Hydraulic fracturing (fracking) may be at the center of current debate in states that are experiencing a shale gas boom, but it will remain an important part of the industry and can be performed safely, according to Interior Secretary Ken Salazar.

“I think hydraulic fracking is very much a necessary part of the future of natural gas because without this new technology the amount of natural gas that we have available here in the country is a very diminished amount,” Salazar said during a meeting with reporters hosted by the Christian Science Monitor in Washington, DC, Wednesday. “I think hydraulic fracking can be done in a safe way, in an environmentally responsible way, and in a way that doesn’t create all the concerns that it’s creating across the country right now.”

Last year Salazar signaled that Interior was weighing how it would move forward with a policy requiring producers to disclose the fluids associated with fracking on public lands (see Shale Daily, Dec. 1, 2010). Interior’s Bureau of Land Management (BLM) oversees 250 million acres, which contain 11% of the nation’s natural gas supply. Approximately 90% of the wells currently drilled on public lands are stimulated by the fracking technique, according to BLM. On Wednesday Salazar said he believes companies operating on public lands should be required to disclose the contents of their fracking fluids.
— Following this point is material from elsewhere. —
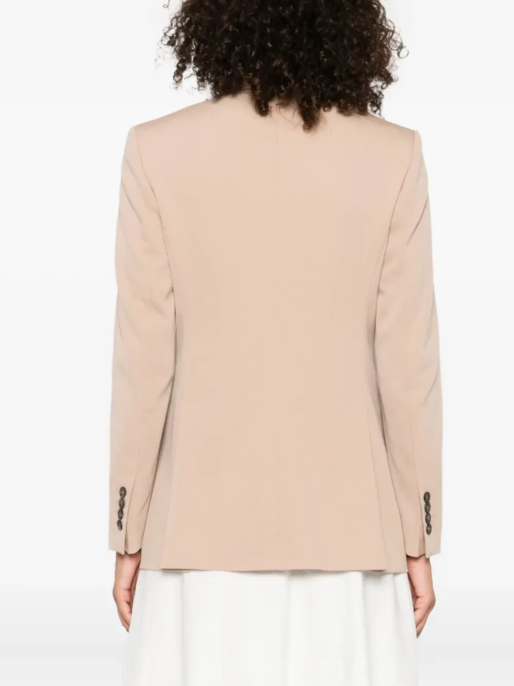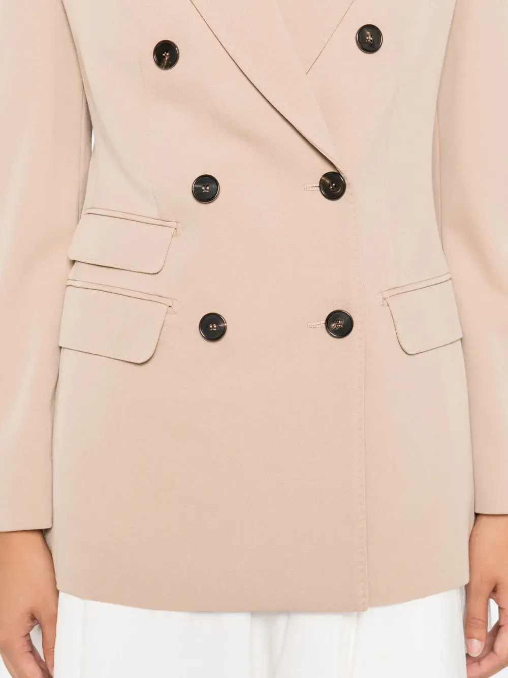Бежевый двубортный пиджак с застежкой на пуговицы, боковыми карманами, длинными рукавами
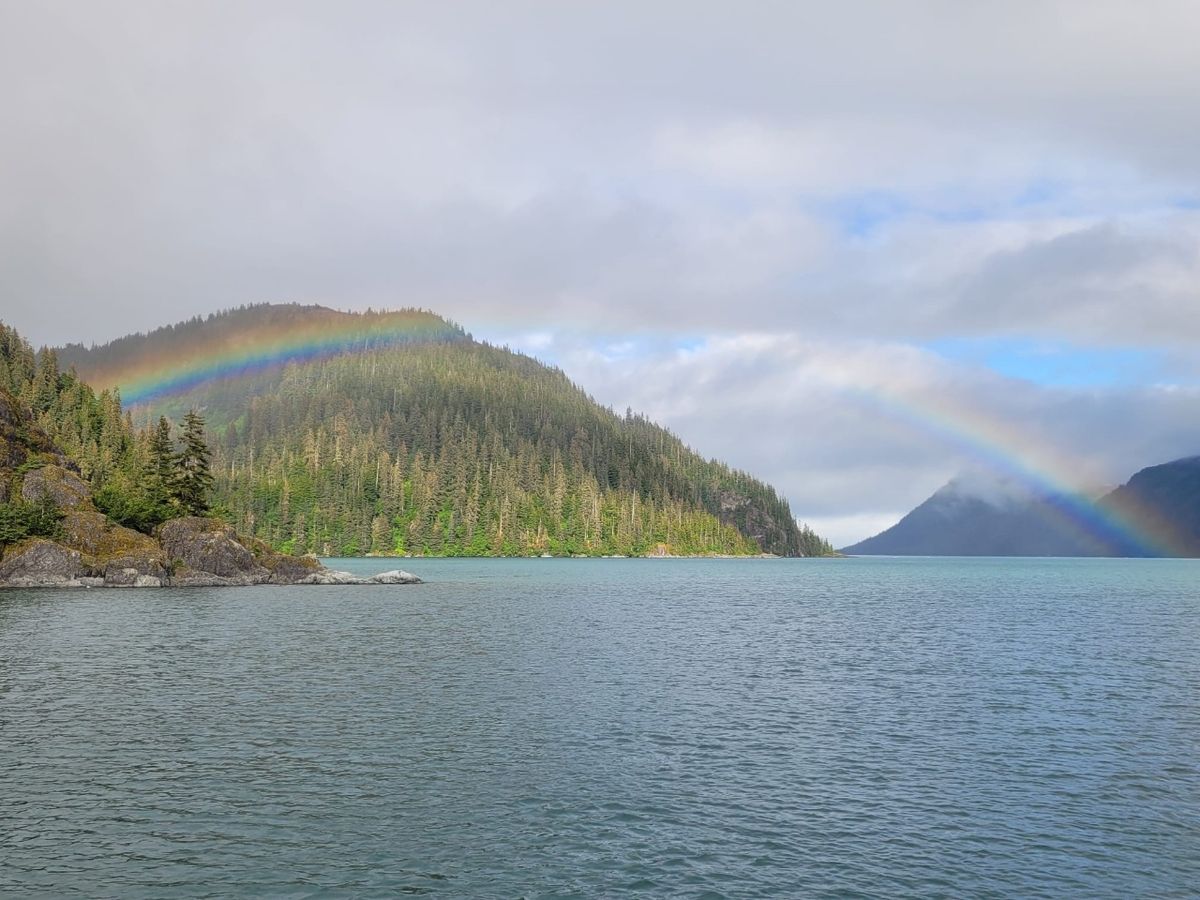 Schlechtes Wetter am Freitag, genau wie erwartet. Erst zum Abend hin klart es auf. Ein Regenbogen in kräftigen Farben spannt sich über die Icy Bay. Sehr malerisch. 🙂

“My own view is that there ought to be disclosure with some safeguards concerning proprietary information. We are in the process of working on a rule, and I don’t know when we will have that rule ready to go, but I believe it is a necessary part of creating a good opportunity for the future of natural gas,” he said.

While “there may have been places where [fracking] has in fact contaminated the domestic water supply,” most oil and gas wells use fracking “and most of them aren’t impacting our water supply — so there’s a way to do it safely,” Salazar said.

Salazar’s remarks came one day after a geophysics professor who has studied fracking for more than 40 years told a Senate committee the practice does not negatively impact drinking water or the environment (see Shale Daily, Oct. 5).

Despite voluntary disclosure by several individual companies and the efforts of the Ground Water Protection Council and the Interstate Oil and Gas Compact Commission through their Hydraulic Fracturing Chemical Disclosure Registry and Education website (www.hydraulicfracturingdisclosure.org), Salazar and others continue to recommend that companies be required to disclose the chemical contents of fracking fluids (see Shale Daily, Aug. 12).

The Secretary of Energy Advisory Board Natural Gas Subcommittee recently said it “shares the prevailing view that the risk of fracturing fluid leakage into drinking water sources through fractures made in deep shale reservoirs is remote” but it “nevertheless believes there is no economic or technical reason to prevent public disclosure of all chemicals in fracturing fluids, with an exception for genuinely proprietary information.”

More than 100 groups representing U.S. industry last month petitioned to keep the federal government from erecting barriers to fracking (see Shale Daily, Sept. 22). State governments, the on-the-ground regulators of oil and gas drilling, are working with industry to ensure that adequate environmental and safety measures are employed, they said.